- HOW TO COMPLETE THIS TASK -
Below are records with pictures. Transcribe exactly, and only, the lines from the line with "To round off" to the line with "Sterling Silver Antique", both ends included, but not the pictures.

- RECORDED INFORMATION -
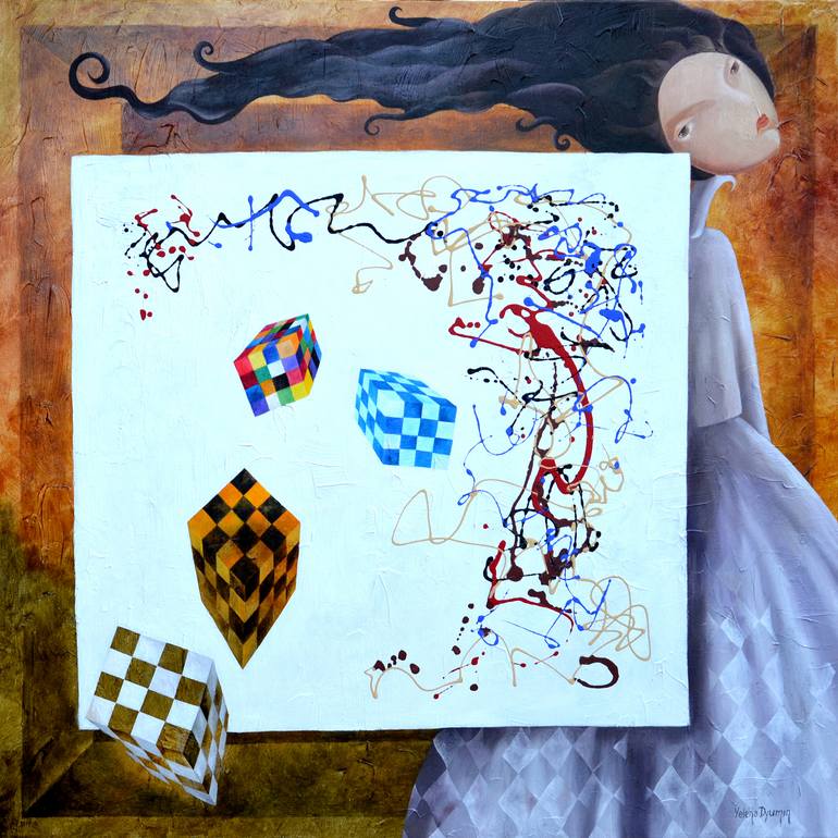 The painting "Puzzle" depicts a young woman gracefully holding a large masterpiece. The vibrant colors and intricate details of the masterpiece evoke a sense of awe and inspiration. The woman's expression is one of contentment and contemplation, as if she is lost in the beauty of the art. The paint...
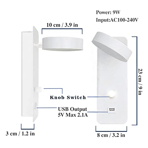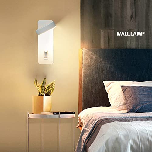 JZCDR Lettura Aplique LED da Parete Interni Lampada da Parete Interruttore Orientabile 9W Applique Camera Da Letto Parete Moderna Lampada da Muro Luminosità Regolabile Bambini Cameretta Lounge,Bianca
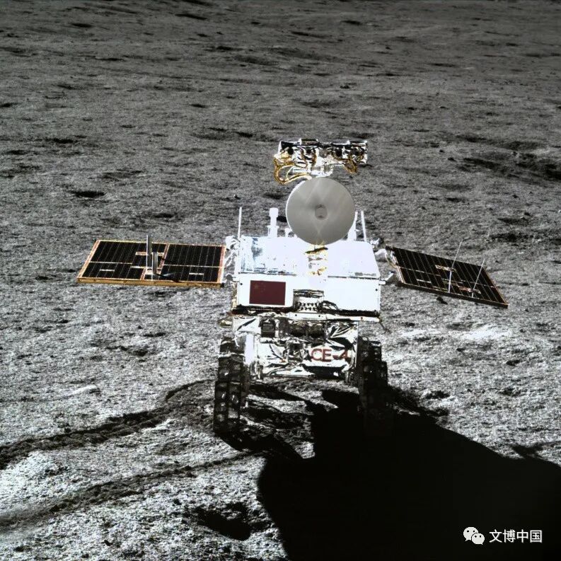 我们将目光转到现代,继2007年10 月24日、2010年10月1日“嫦娥一号”和“嫦娥二号”这两颗人造卫星相继在西昌卫星发射中心成功发射升空后,2013年12月2日,中国科学家在 西昌卫星发射中心成功将“嫦娥三号” 探测器送入轨道。2013年12月15日, “嫦娥三号”着陆器与巡视器分离,中国首辆月球车“玉兔号”巡视器顺利驶抵月球表面。到2018年12月8日,中国在西昌卫星发射中心再次成功发射“嫦娥四号”探测器,开启了月球探测的新旅程。2019年1月3日,“嫦娥四 号”探测器成功着陆,第二辆月球车“玉兔二号”巡视器顺利到达月球表面,这两张是“嫦娥四号”(图12)和“玉兔二号”(图13)互拍的图片。
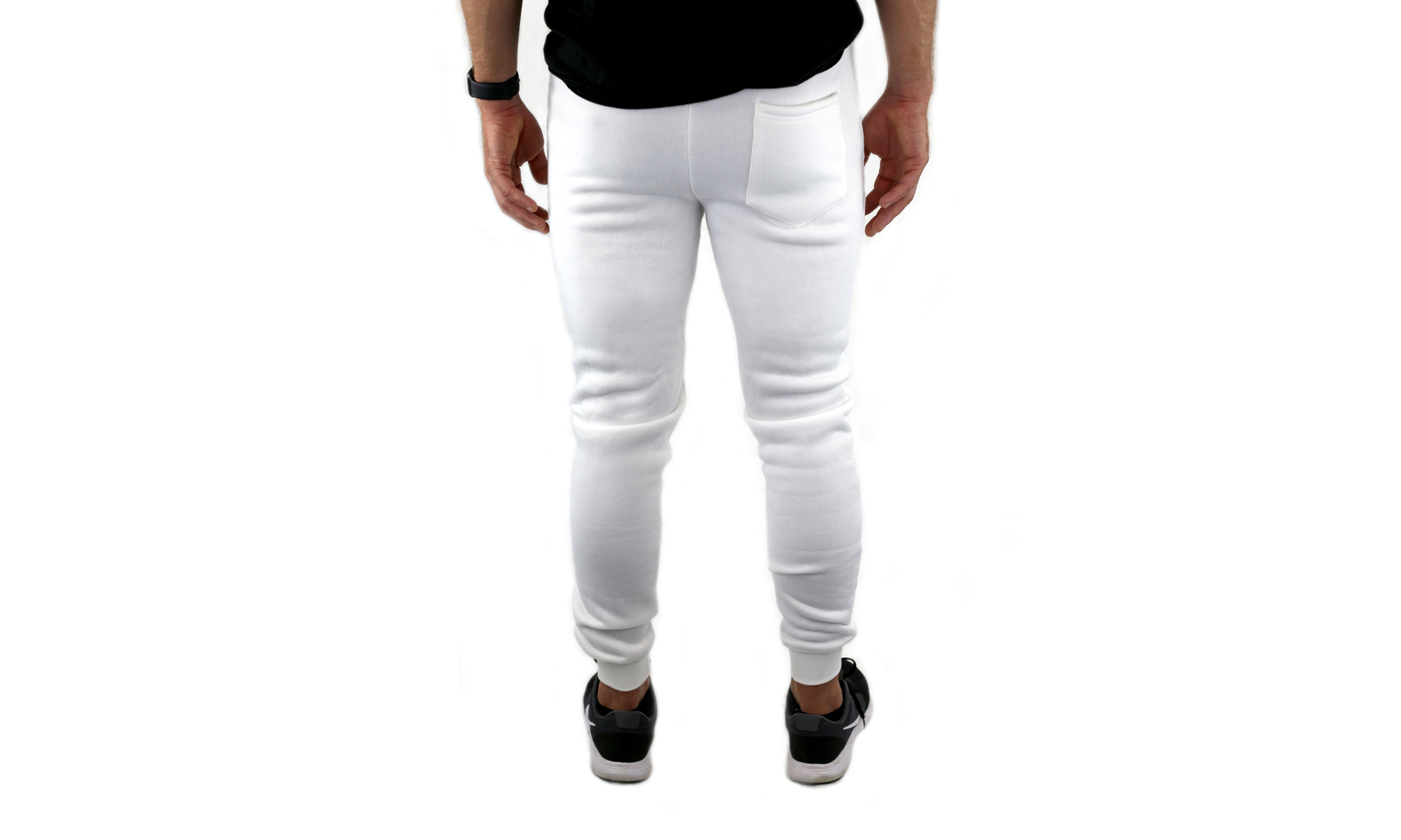 Mens Skinny Track Pants Joggers Trousers Gym Casual Sweat Cuffed Slim Trackies Fleece – White – XL
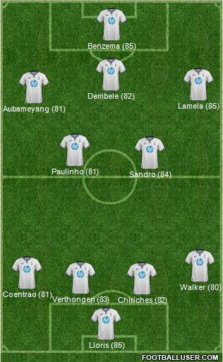 Lloris (85) · Chiriches (82) · Verthongen (83) · Coentrao (81) · Walker (80) · Sandro (84) · Paulinho (81) · Aubameyang (81) · Lamela (85) · Dembele (82) · Benzema (85)
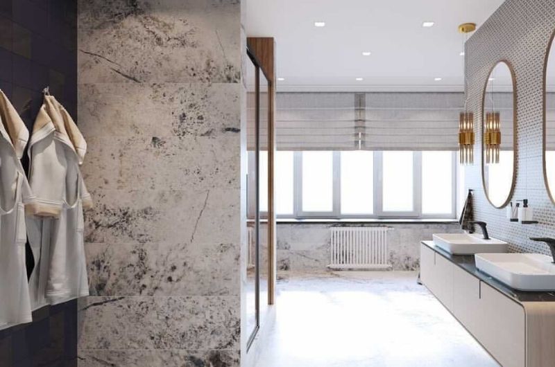 To round off the room, the interior designer has combined black and white bathroom fixtures, giving the room a neutral combination and highlighting the aesthetic qualities of the tiles. The furniture, wooden and in a nude color, stands out for its shape and originality. 10 out of 10 for this bathroom!
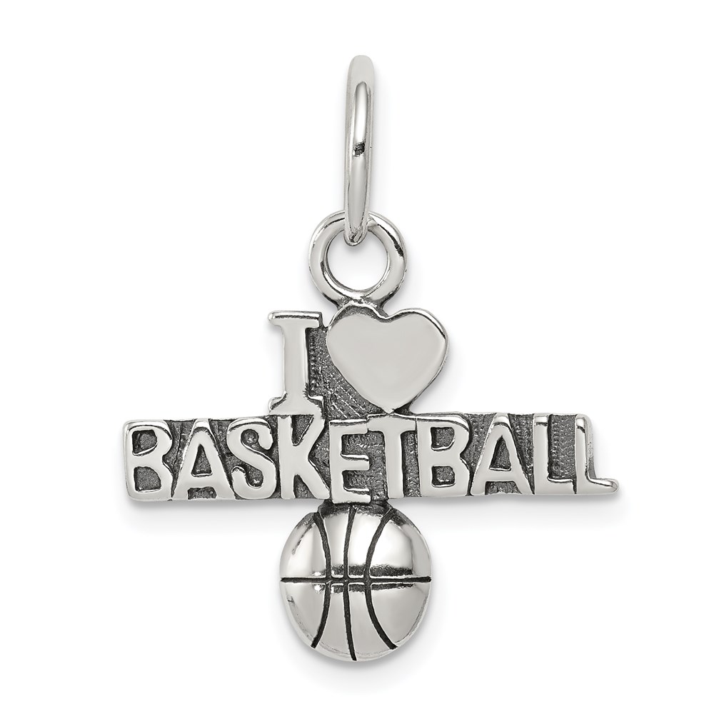 Sterling Silver Antique I (heart) Basketball Charm
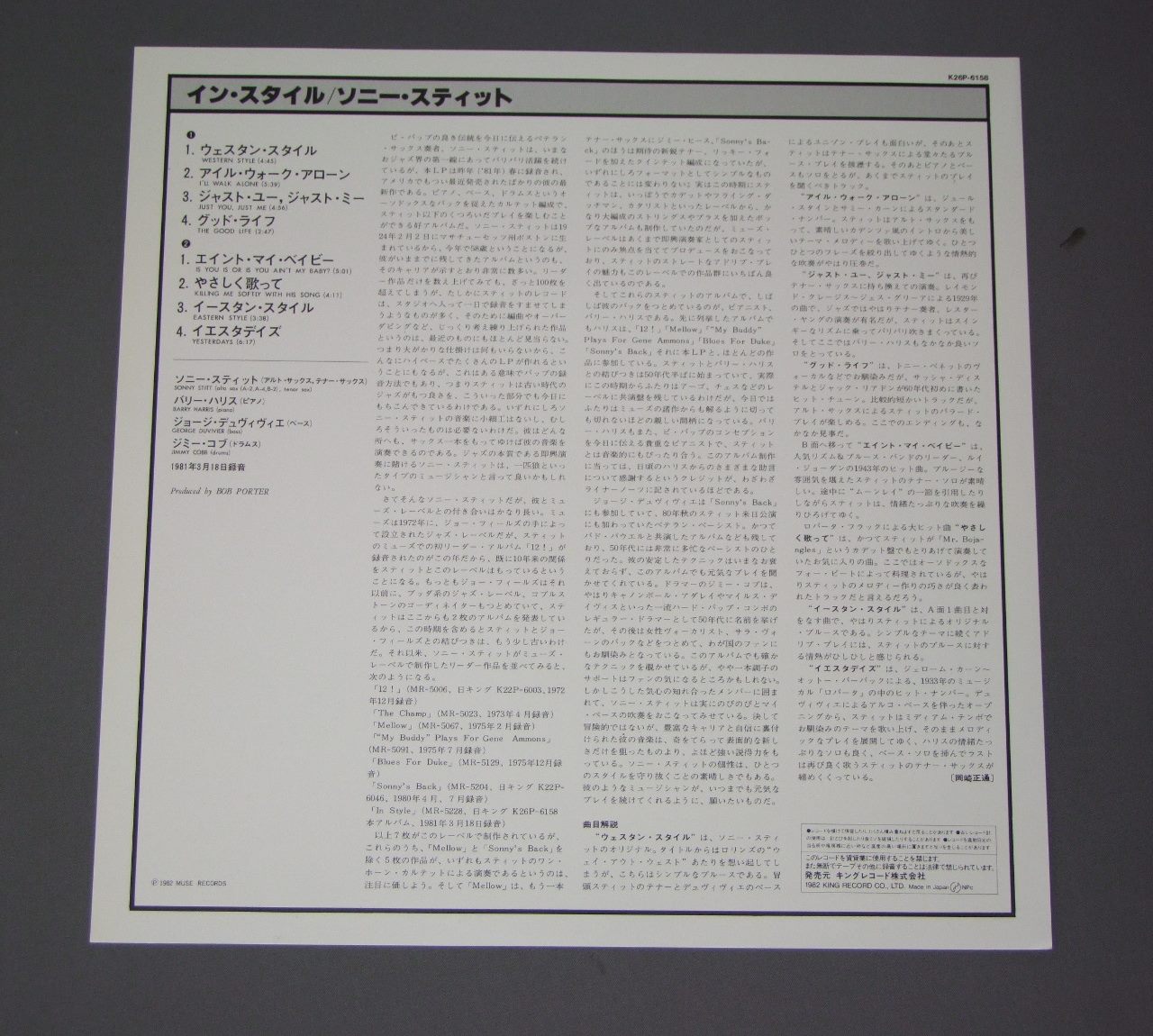 SONNY STITTソニー・ステッィト/IN STYLEイン・スタイル K26P6158 製造国:日本盤 / Media:LP外観:EX盤の状態:EX+帯:EX 価格(税込):¥1,320(売約済) 送料 7inch:定形外郵便 360円~LP:定形外郵便 660円~送料は、注文の最終画面で確認頂けます。 > > SONNY STITT/IN STYLE 外観 (EX)特記事項:特記なし。外観EXの共通説明:ダメージが限定的。中古品としては保存状態がよい方。シミ、ヨゴレ、スレ 少し~軽度。 盤の状態 (EX+)特記事項:極薄いスリキズ・スレ少しだけ。一見してきれいな状態です。盤EX+の共通説明:盤面の極薄いスリキズ、スレ少し程度 音に出そうなものは無いように見える(極軽微なソフトティック音は除く)。 帯の状態 (EX):特記なし。 Tweet それぞれの画像をクリックすると、大きい写真が見られます こちらの商品もお勧めです 2,200円 TADAO HAYASHI林忠男 / LYRAリラ 1,650円 COZY POWELLコージー・パウエル / TILTサンダーストーム 1,320円 KAZUMI WATANABE-STEVE GADD etc渡辺香津美-スティーヴ・ガッド 他 / TEO MACERO PRESENTS IMPRESSIONS OF VIRUSテオ・マセロ・プレゼンツ 復活の日の印象 770円 TOSHIYUKI ICHIMURA市村俊幸 / MY LIFE MY PIANO 1,320円 JACKIE McLEAN QUINTETジャッキー・マクリーン・クインテット / JACKIE McLEAN QUINTETJACIE McLEAN QUINTET 1,320円 BUD POWELLバド・パウエル / BUD POWELL TRIOバド・パウエル トリオ 990円 FORCEフォース / SECOND FORCEセカンド・フォース 1,320円 THE QUINTETパーカー - ガレスピー - パウエル - ローチ - ミンガス / JAZZ AT MASSEY HALLジャズ・アット・マッセイ・ホール

- ANSWER TO THE PROBLEM -
 To round off the room, the interior designer has combined black and white bathroom fixtures, giving the room a neutral combination and highlighting the aesthetic qualities of the tiles. The furniture, wooden and in a nude color, stands out for its shape and originality. 10 out of 10 for this bathroom!
 Sterling Silver Antique I (heart) Basketball Charm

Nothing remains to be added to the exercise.